[Exercise data — start]
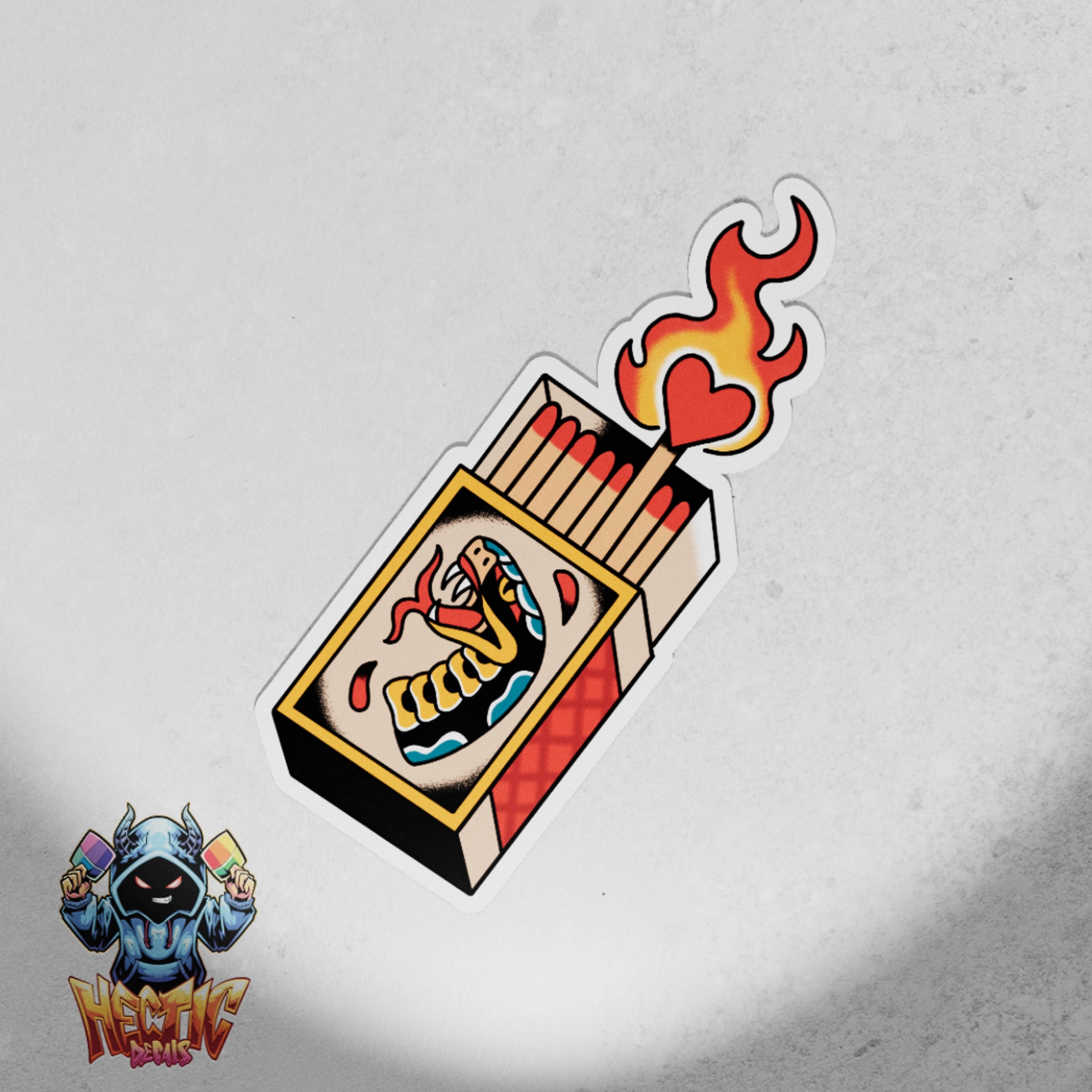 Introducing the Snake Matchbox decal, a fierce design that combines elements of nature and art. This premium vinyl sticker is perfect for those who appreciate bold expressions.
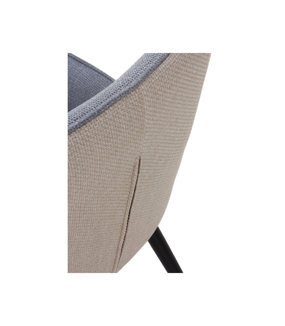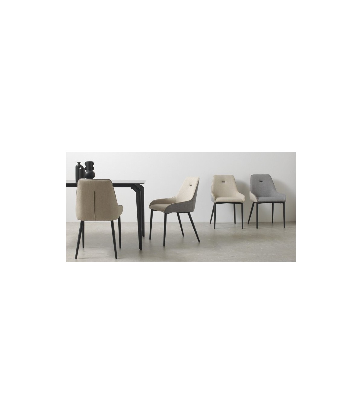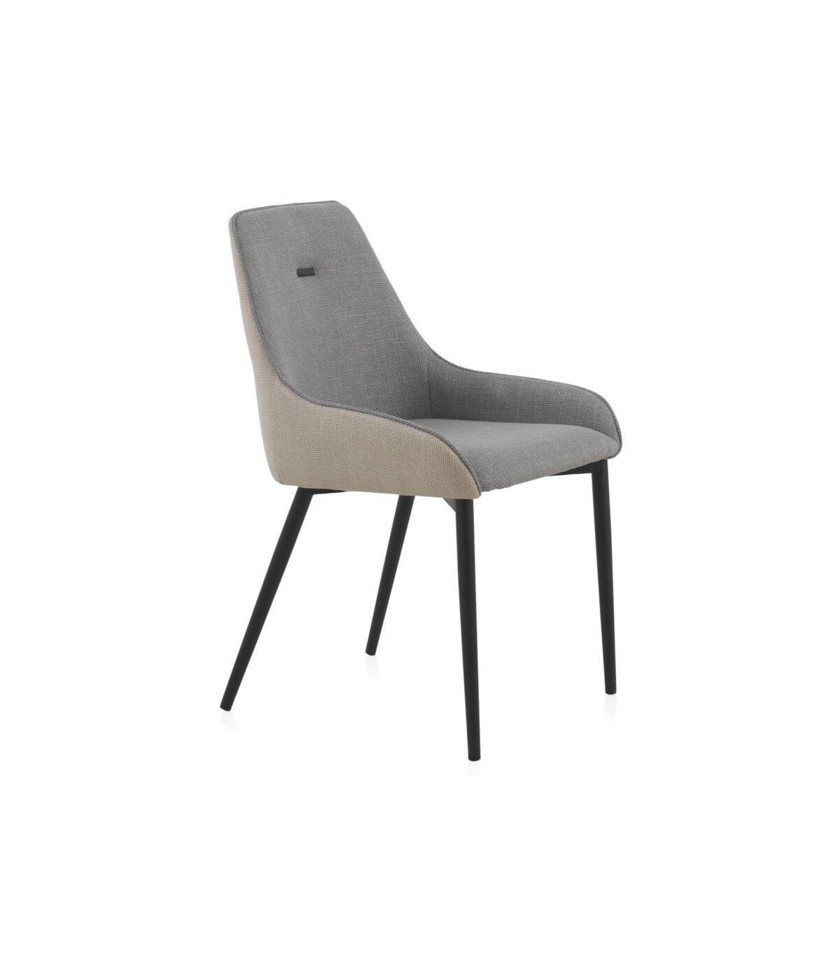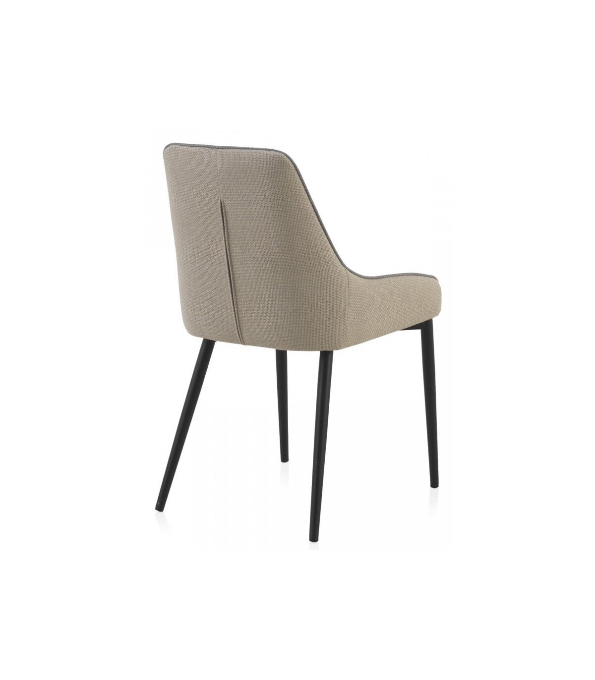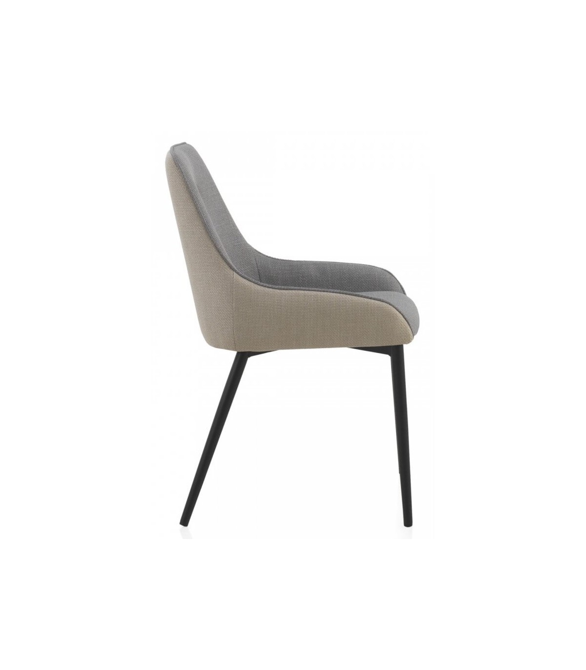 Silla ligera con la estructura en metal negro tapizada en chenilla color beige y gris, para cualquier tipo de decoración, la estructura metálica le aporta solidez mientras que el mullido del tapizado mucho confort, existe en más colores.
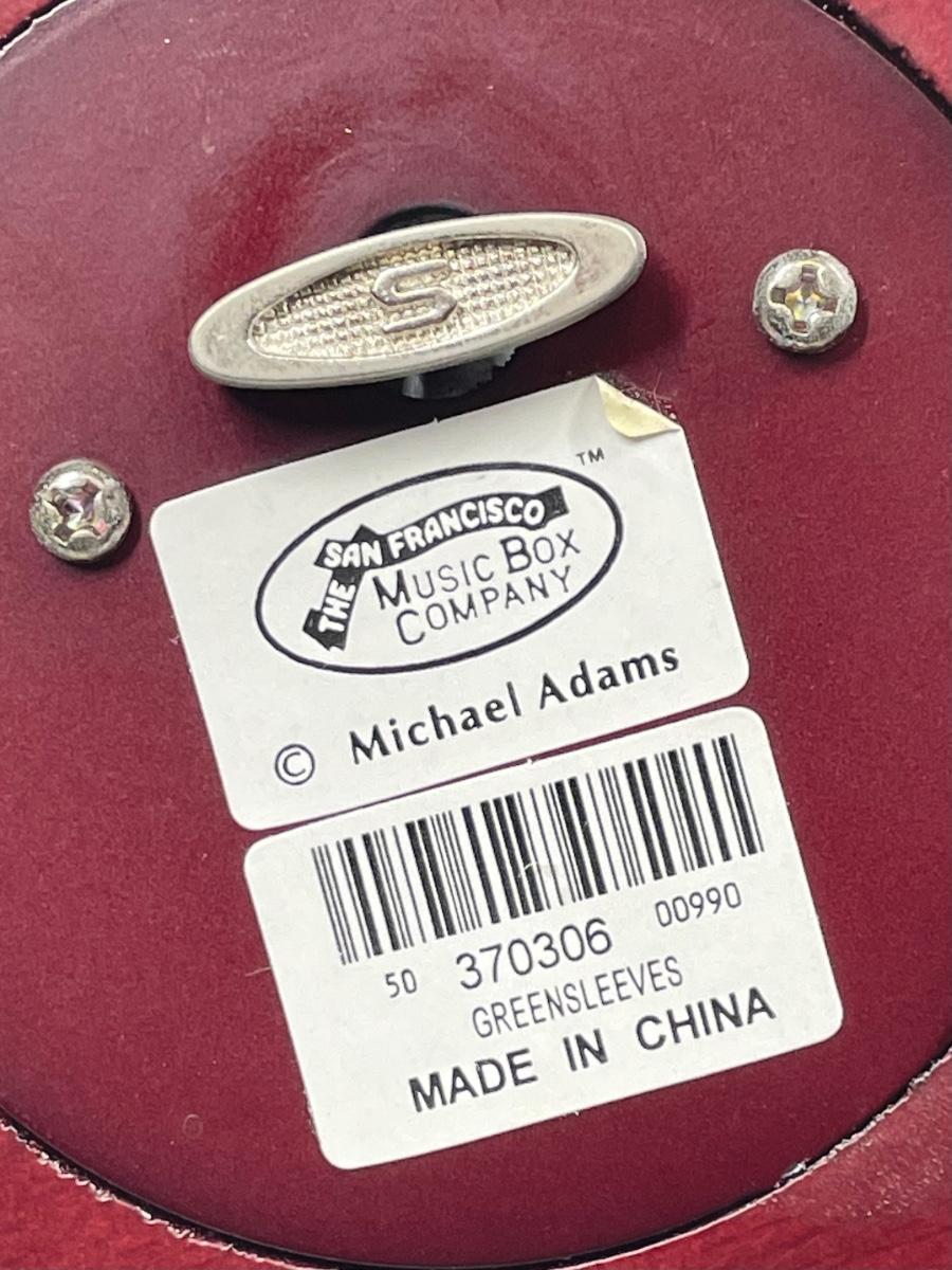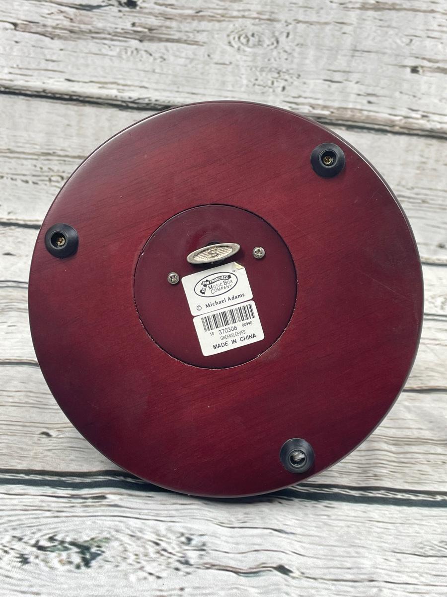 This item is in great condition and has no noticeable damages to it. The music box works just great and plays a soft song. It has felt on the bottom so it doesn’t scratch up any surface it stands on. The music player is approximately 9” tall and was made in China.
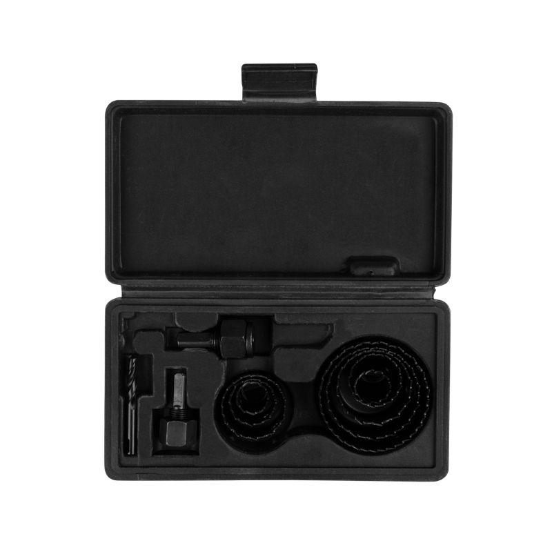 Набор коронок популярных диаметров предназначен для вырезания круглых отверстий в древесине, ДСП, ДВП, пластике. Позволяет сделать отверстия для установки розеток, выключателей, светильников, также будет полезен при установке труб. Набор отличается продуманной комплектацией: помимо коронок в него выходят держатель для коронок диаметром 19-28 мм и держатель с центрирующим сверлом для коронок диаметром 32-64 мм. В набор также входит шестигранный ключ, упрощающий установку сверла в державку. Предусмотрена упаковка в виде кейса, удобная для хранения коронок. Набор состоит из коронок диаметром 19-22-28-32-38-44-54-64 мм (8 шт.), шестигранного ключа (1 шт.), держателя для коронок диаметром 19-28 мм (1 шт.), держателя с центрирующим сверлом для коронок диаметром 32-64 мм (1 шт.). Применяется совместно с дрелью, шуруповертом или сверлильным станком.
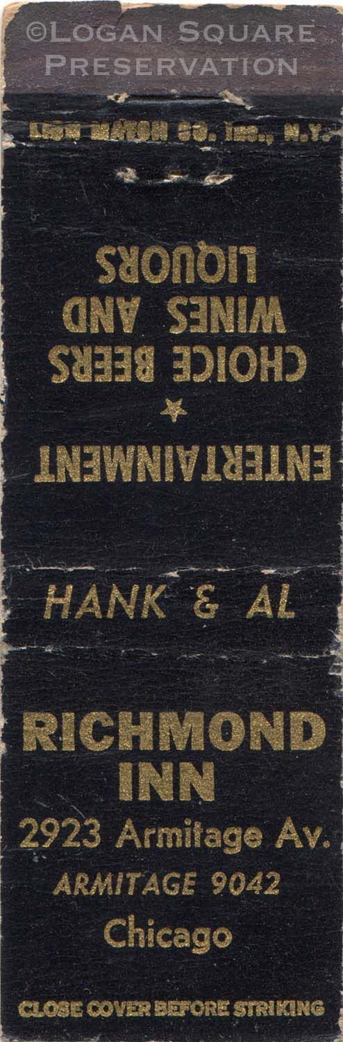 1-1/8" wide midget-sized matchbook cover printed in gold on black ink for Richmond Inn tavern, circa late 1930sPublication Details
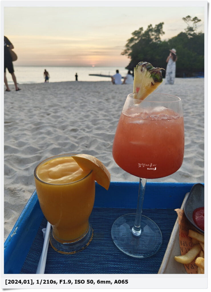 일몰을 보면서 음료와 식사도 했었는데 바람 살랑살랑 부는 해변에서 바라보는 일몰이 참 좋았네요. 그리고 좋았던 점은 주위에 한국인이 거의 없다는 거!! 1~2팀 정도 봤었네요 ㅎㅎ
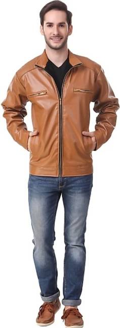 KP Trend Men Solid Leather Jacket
[Exercise data — finish]
Exercise brief: Omit every image. Quote each record exactly.

Solution:
 Introducing the Snake Matchbox decal, a fierce design that combines elements of nature and art. This premium vinyl sticker is perfect for those who appreciate bold expressions.
 Silla ligera con la estructura en metal negro tapizada en chenilla color beige y gris, para cualquier tipo de decoración, la estructura metálica le aporta solidez mientras que el mullido del tapizado mucho confort, existe en más colores.
 This item is in great condition and has no noticeable damages to it. The music box works just great and plays a soft song. It has felt on the bottom so it doesn’t scratch up any surface it stands on. The music player is approximately 9” tall and was made in China.
 Набор коронок популярных диаметров предназначен для вырезания круглых отверстий в древесине, ДСП, ДВП, пластике. Позволяет сделать отверстия для установки розеток, выключателей, светильников, также будет полезен при установке труб. Набор отличается продуманной комплектацией: помимо коронок в него выходят держатель для коронок диаметром 19-28 мм и держатель с центрирующим сверлом для коронок диаметром 32-64 мм. В набор также входит шестигранный ключ, упрощающий установку сверла в державку. Предусмотрена упаковка в виде кейса, удобная для хранения коронок. Набор состоит из коронок диаметром 19-22-28-32-38-44-54-64 мм (8 шт.), шестигранного ключа (1 шт.), держателя для коронок диаметром 19-28 мм (1 шт.), держателя с центрирующим сверлом для коронок диаметром 32-64 мм (1 шт.). Применяется совместно с дрелью, шуруповертом или сверлильным станком.
 1-1/8" wide midget-sized matchbook cover printed in gold on black ink for Richmond Inn tavern, circa late 1930sPublication Details
 일몰을 보면서 음료와 식사도 했었는데 바람 살랑살랑 부는 해변에서 바라보는 일몰이 참 좋았네요. 그리고 좋았던 점은 주위에 한국인이 거의 없다는 거!! 1~2팀 정도 봤었네요 ㅎㅎ
 KP Trend Men Solid Leather Jacket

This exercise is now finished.